= Required work =
I'd like the data beneath this line reproduced exactly, without any of its images.

= Supplied material =
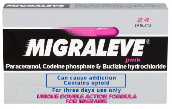 Pink tablet = main tablet – paracetamol, codeine and buclizine (sickness relief). Full treatment of migraine and can even stop an attack from developing if taken timely.
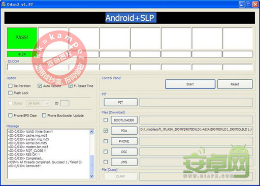 在出現上面的PASS時,就可以移除數據線,等手機重新啟動
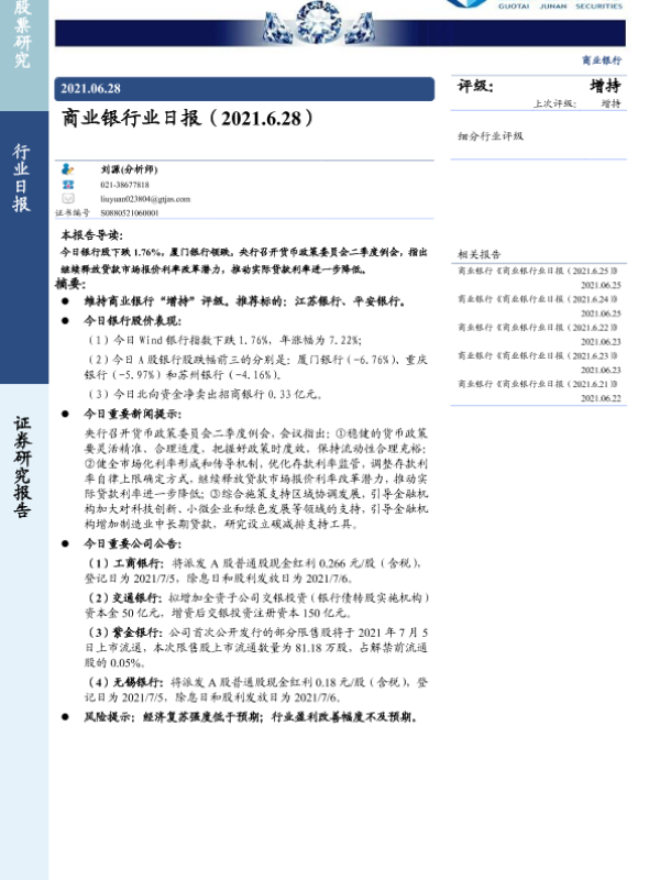 【国泰君安证券】【20210628】商业银行业日报-3页

= Output =
 Pink tablet = main tablet – paracetamol, codeine and buclizine (sickness relief). Full treatment of migraine and can even stop an attack from developing if taken timely.
 在出現上面的PASS時,就可以移除數據線,等手機重新啟動
 【国泰君安证券】【20210628】商业银行业日报-3页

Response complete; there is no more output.